The original script for exiting the session would kill the SSH Agent outright. This is not so useful if you still have other login sessions running. So I wrote a few lines to attempt to ensure that only when the last running login was being exited, would the SSH Agent be reaped. This code goes in the user’s .logout file in their home directory:

set tmpFile=~/.ssh/ssh-agent-info
set sessCount=`w | grep $user | wc -l`
if ( $sessCount == 1 ) then
  # last user, clear out the ssh-agent
  eval `ssh-agent -c -k`
  /bin/rm $tmpFile
endif

And the solution works. The developers are minimally unhappy about the increased security wrapped around access to the code base, because they know I worked to make it as painless as possible while meeting policy requirements. It could always be more robust, but I tried to get all the common failure cases, and mostly the resolution to something I didn’t catch is for the user to log out of all of their sessions, then log back in again to reset.

Winding Down

Our condolences to the family and friends of 1st Lt. Trevarius Ravon Bowman, 25, from Spartanburg, South Carolina, who died on May 19, 2020, in Bagram Air Force Base, Afghanistan, from a non-combat-related incident.

Our hearts go out the families who have lost loved ones to COVID-19. Y’all, socially distance, wear a mask when you need to (indoors around other people for sure), and WASH YOUR DAMNED HANDS way more often.

Please don’t be one of the people who want to go into retail (or any other) businesses without a mask. Don’t be one of the people trying to up your chances of being DEAD by the time the General Election rolls around. Even if you don’t care for yourself, do you want to get ill, pass it on to an elderly parent (or a young child) and have them DIE because you’re behaving like a petulant child yourself? No, no, I understand that your role model in this case does indeed behave much like a petulant child. Don’t follow that particular lemming off the cliff. Stop. Think. Listen to medical professionals and keep safe.

I love you ALL.

20 April 2020

Fun with WordPress

Note – this is a discussion and solution for a technical problem for a WordPress instance that uses an SSL certificate signed by a non-public CA. If you don’t care about this sort of thing, please move your eyes down to the next section.
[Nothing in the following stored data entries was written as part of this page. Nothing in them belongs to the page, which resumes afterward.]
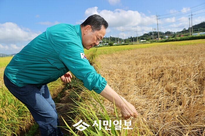 | ▲ 명현관 해남군수가 벼 멸구로 고사된 볏잎을 점검하고 있다. / 해남군 제공 |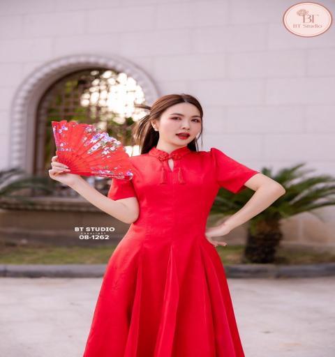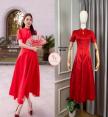เดรสแต่งปกคอจีนเว้ากลางอกเล็กน้อยแต่งกระดุมพู่จีน แขนสั้น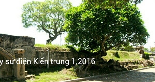 | Hình ảnh cây sứ tại điện Kiến Trung được Trung tâm BTDT Cố đô Huế ghi lại vào tháng 1-2016 trước khi di dời. |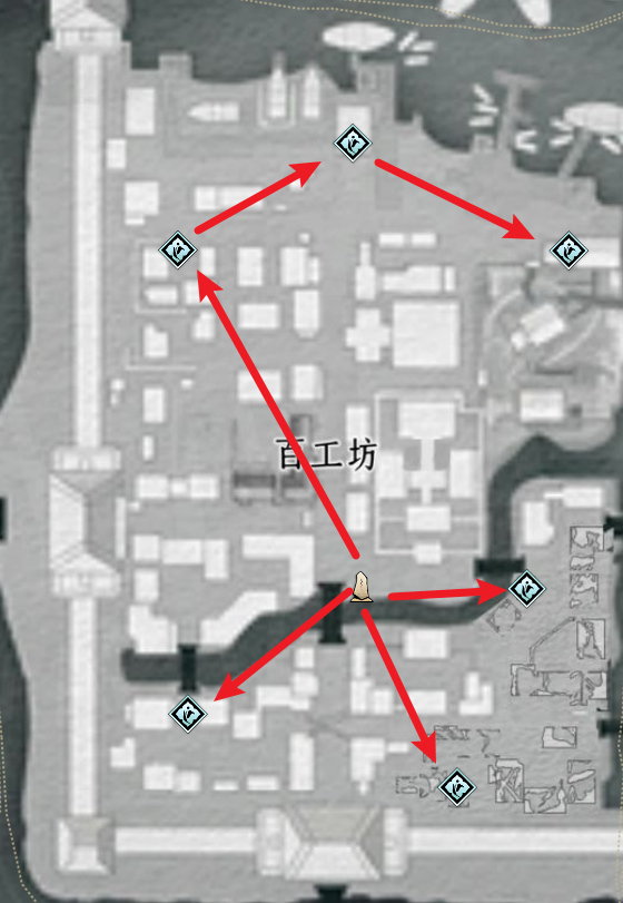 百工坊附近有6个蹊跷可收集,位置与路线图如下。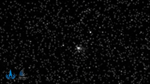 3I/ATLAS gefotografeerd door de High-Resolution Imaging Camera (HiRIC) van China’s Tianwen 1 orbiter, eveneens op 3 oktober 2025, vanuit een baan rond Mars. De afstand bedroeg alhier circa 29 miljoen kilometer. Foto/animatie: CNSA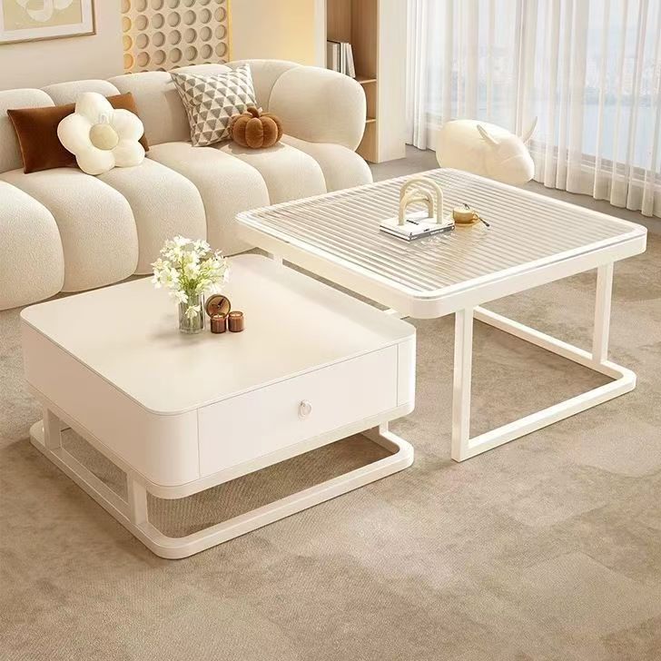 2024 Model Baru Papan Batu Krim Meja Teh Rumah Tangga Meja Meja Teh Rumah Tangga Kombinasi Persegi Modern Sederhana Mewah Ringan Tipe Kecil
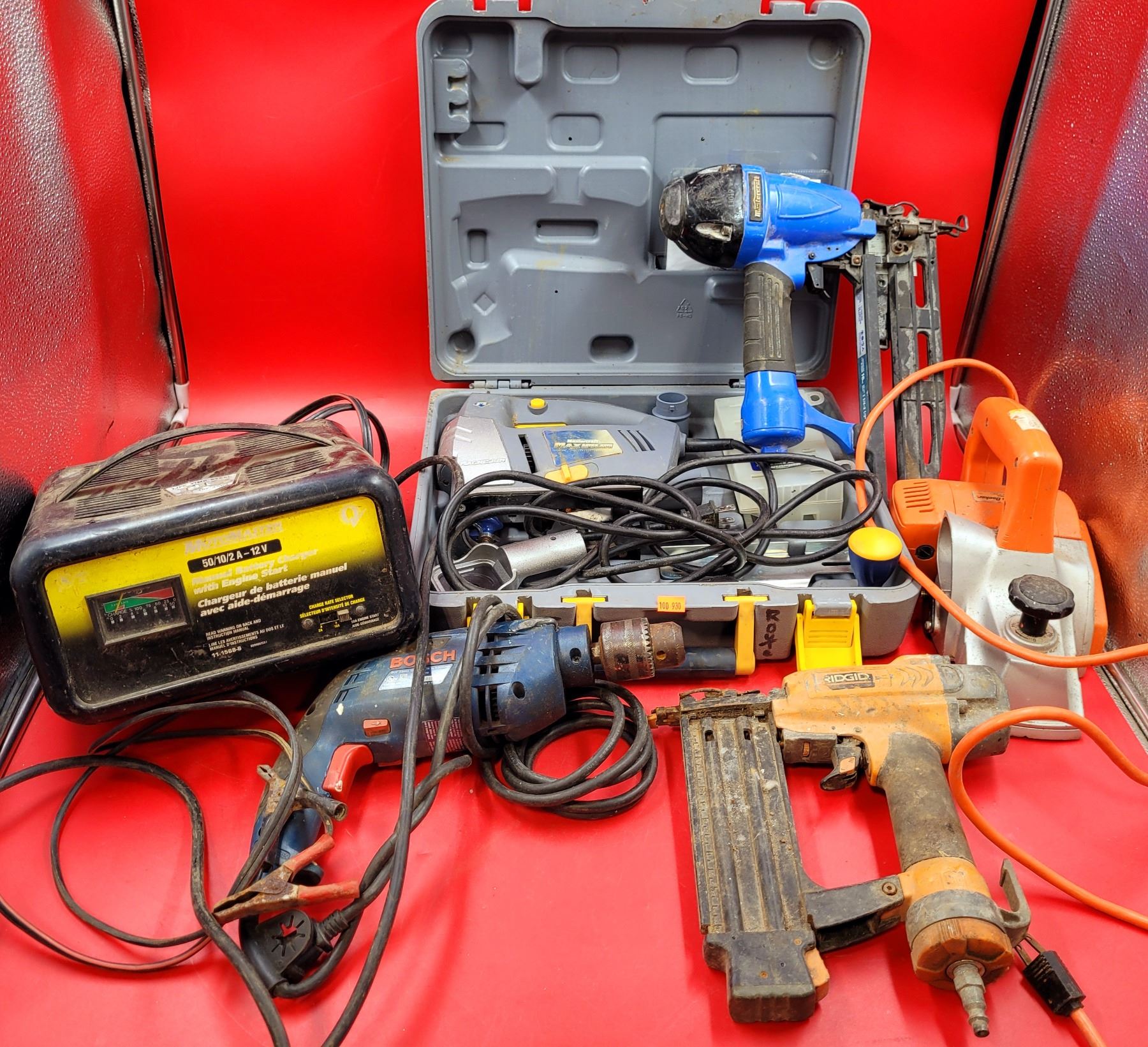 Assorted Tool Lot w/ MotoMaster Battery Charger, Black & Decker Planer, Bosch Hammer Drill, & More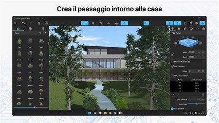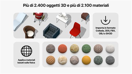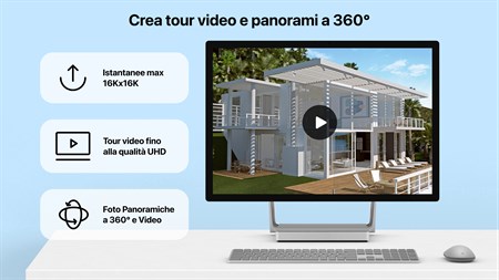 • Creare planimetrie dettagliate in 2D. • Fare tour degli interni in 3D. • Affinare le tue capacità di progettazione con modelli di case e interni già pronti (ad esempio cucine, bagni, soggiorni, ecc.). • Aggiungere e spostare mobili e altri oggetti (oltre 2400 articoli) e applicare materiali basati sulla fisica (oltre 2100 materiali disponibili). • Creare terreni elaborati con linee di elevazione e depressioni, progettare ingressi per auto, giardini o cortili.* • Importare modelli 3D da altre applicazioni in tutti i formati più popolari. • Raggiungere un'illuminazione naturale mediante l'impostazione di valori di geolocalizzazione, ora del giorno e nuvolosità. • Lavorare nella Vista elevazione 2D che mostra la vista laterale su muri e tetto; uno strumento perfetto per lavorare con aperture, nicchie e pannelli.* • Lavorare con il tetto personalizzabile, creare finestre ad angolo e aperture complesse. • Realizzare video di tour realistici di interni ed esterni con qualità di esportazione massima pari a Ultra HD.** • Creare video 3D stereo 360°, video a 360°, video a 360° 3D stereo e immagini JPEG panorama a 360°.** • Esportare l'intero progetto o diversi oggetti in formato FBX, glTF e OBJ. E tanto altro!**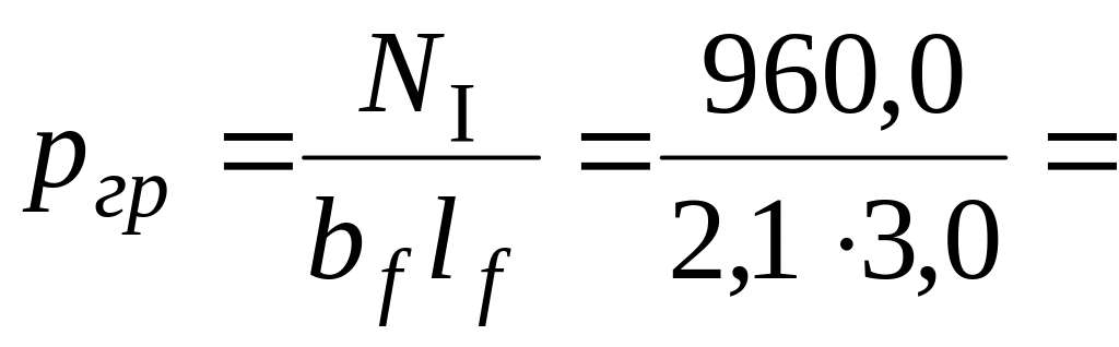 где hc и bc – соответственно, высота и ширина колонны; hc = bc = 0,3 м; NI – расчётная нагрузка, передаваемая колонной на уровне обреза фундамента, NI = f NII = 1,2800,0 = 960,0 кН; f – коэффициент надежности по нагрузке, f = 1,2; – коэффициент, = 0,85; b2 – коэффициент, учитывающий длительность действия нагрузки, b2 = 1,0; b9 – коэффициент, учитывающий вид материала фундамента, b9 = 0,9; Rbt – расчетное сопротивление бетона растяжению, для бетона кл. В20 Rbt = 0,9 МПа, принимается по прил. 1 [14] или прил. 8, табл.8.1 настоящего учебного пособия; pгр – реактивный отпор грунта от расчетной продольной нагрузки NI без учета веса фундамента и грунта на его уступах, определяется по формуле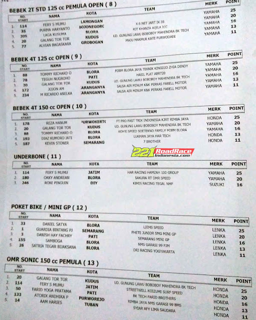 Untung para rider JATENG tetep kokoh pendirian untuk tidak mau bertekuk lutut pada permainan agressif Jawa Timuran. Alhasil podium-podium utama tetap JATENG yang pegang. Kecuali kelas bergengsi 2 Tak open JATIM yang juara. Kalau itu sih wajar, mengingat F1ZR-F1ZR JATIM terkhusus Madura larinya memang susah dibntuti.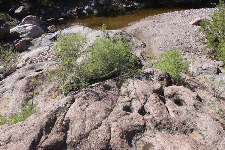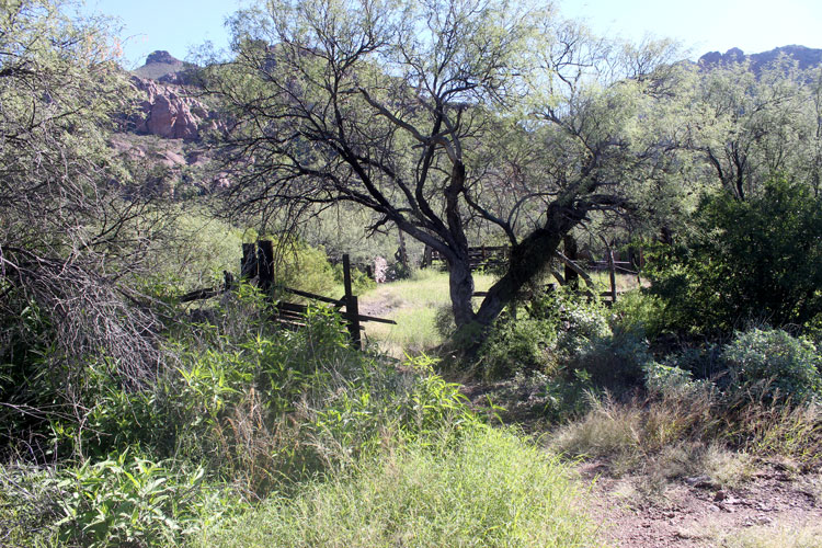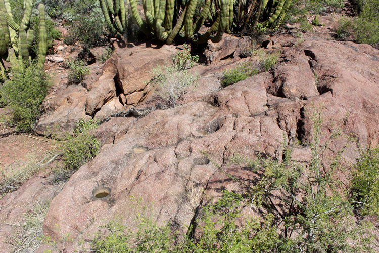 There is a set of rock mortars in a large rock formation across the wash from the old corral. The speculation is that these were Hohokam in origin.

The error text that I saw in the new-to-me Site Health page following upgrading to WordPress 5.4:

cURL error 60: SSL certificate problem: unable to get local issuer certificate

The error above was generated because WordPress/PHP couldn’t verify the site certificate. When this is broken, the impact can be significant on a WordPress instance. Some features just don’t work quite right. Auto updating can fail, and so on.

The context here is that for a variety of internal and external sites, I use site-specific SSL certificates that are signed by our internal CA. That’s a good thing, because prior to Let’s Encrypt, it was easy to spend a bunch of money on SSL certificates from a reputable source. We won’t discuss the non-reputable sources. Since I’m using an external resource for caching and web app firewalling, I am able to use the internally signed certificate for several external sites as well.

With the most recent update adding Site Health as a core feature, this error surfaced for me on a couple of sites. It took a couple of hours and some false starts before I found this solution.

In the WordPress file tree, there’s a file at wp-includes/certificates/ca-bundle.crt (using UNIX-style slashes). This is the file of CA certificates that WordPress and the PHP functions use to verify a certificate is valid. Tryijg to get WordPress and PHP to use the system CA certs file (which has my Root Certificate added as a trust source) was a non-starter, although I tried. So I copied the text of my Internal Root Certificate into thewp-includes/certificates/ca-bundle.crt file. Boom! Problem solved … for now.

The downside of this solution is that any given WordPress update in the future may (will?) overwrite that file with newer info, and will once again exclude my Internal Root Certificate. So I created a text file that contained an identifying header string and the Internal Root Certificate. I then wrote a shell script to check thewp-includes/certificates/ca-bundle.crt for that header string, and if not found, adds the content of the text file to the ca-bundle.crt file. That shell script runs once a day in the wee hours of the morning.

Now, anytime there’s a WordPress update that overwrites ca-bundle.crt, by the next morning, the Internal Root CA certificate will be back in place, and things will continue humming along nicely.

Staying at Home

We continue to stay at home, which is a good thing.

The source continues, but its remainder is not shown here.